Council member Terry Parks said, "I don't want to be like Minneapolis or St. Paul. I want to be Brooklyn Park."
Brooklyn Park's Charter Commission was first brought the idea of Ranked-Choice Voting in 2011 when the current Bloomington City Manager was City Manager in Brooklyn Park.
In the spring of 2022, Brooklyn Park Charter Commission entertained a revisit of Ranked-Choice Voting as a possible referendum. Both FairVote MN and Residents for a Better Bloomington (RFABB) were invited to present their positions. The Charter Commission voted to remove the issue from their work plan.
What makes Red Wing so unique is that local elections are held on even-years along with most state and federal elections. Most all other municipalities being courted for RCV have odd numbered year elections. What Red Wing found was that Minnesota law does not provide protection for the use of Ranked-Choice Voting. Therefore the council members unanimously decided not to move forward.
Governor Jerry Brown returned an RCV bill in 2016 stating that RCV was OVERLY COMPLICATED and CONFUSING. He believed that voting should be KEPT SIMPLE to encourage voter participation.
Governor Gavin Newsom in 2019 decided that RCV had already been tried in California, had led to VOTER CONFUSION and was not necessarily more "democratic".
If two consecutive California state executives say RCV is not necessarily easy as 1,2,3 and as democratic as supporters tell you, you have to know something is amiss.
In 2019, New York approved a referendum to use ranked-choice voting for their 2021 Municipal elections by a 3 to a margin.
Recently, a group of Democrats including the majority leader of the NY City Council, along with the Black and Asian caucuses tried to obstruct its usage. Their arguments include acknowledgement of existing roadblocks administering elections under normal circumstances, During the pandemic, the struggles are even greater. Then there was the issue of lack of education about the voting scheme. (26)
In 2005, Burlington, VT adopted IRV (Instant Runoff Voting also known as Ranked-Choice Voting. They used that method to elect Mayor twice thinking that it would ensure that at least 50% of voters would be electing the Mayor. What happened was that the least popular candidate actually won in the third round when no majority in the first two rounds was reached. (27)
In march of 2010 at a Town Hall Meeting, voters decided to repeal IRV. The Vermont Legislature approved the change in the city's charter and the Governor signed it into law. Both sides were stuck on the "majority" or 50%+ issue when in reality, neither system, IRV or Plurality voting can guarantee a true majority. (28) In 2020, after an attempt to reintroduce RCV, Mayor Weinberger vetoed the attempt for a city wide vote on using RCV in future municipal elections. He got it right explaining that he didn't feel it was time (during a pandemic) to fund a divisive referendum that would consume the energies and resources of the community. (30)
November 1974, Voters approved ranked preference voting for Mayor by 52% along partisan lines (Democrats for and Republicans against). In April 1975, the Mayor was elected in a very difficult race to count. The mayor won with second choice votes by 121 votes. Usage of paper ballots and not prepared city election workers compounded problems. This led to a petition in September 1975 to repeal the new voting system. The election of April 1976 the proposal to repeal this measure passed by 62%. (29)

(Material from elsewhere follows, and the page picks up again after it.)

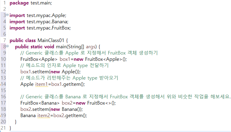 포괄클래스인 FruitBox를 활용해서 변수를 만들거나 setter getter 메소드를 활용한 예시이다.

Cary, NC was one of many North Carolina cities that piloted an IRV election program in 2007. It was a failed attempt illustrating multiple issues. Voter confusion, calculation mistakes, non-public recounts, manual counts and costly. In 2013 the State Legislature repealed IRV (31-33)
In 2007, Aspen voters decided to amend their city charter for Instant Runoff Voting (IRV) by a 70% margin. Residents believed the hype. By November 2010, the bloom was off the rose and residents voted to repeal IRV, also known as RCV by 65% of the vote. Obviously 5% did not mind the complications of their May 2009 election. Algorithms perplexed the community both on how they should vote and how votes would be counted. For a detailed cover story on the Aspen, Co experience, a cover story from the Aspen Times Weekly - Unlocking IRV: How instant runoff voting turned the May 2009 election into a 17-month fight, is a must read. (34)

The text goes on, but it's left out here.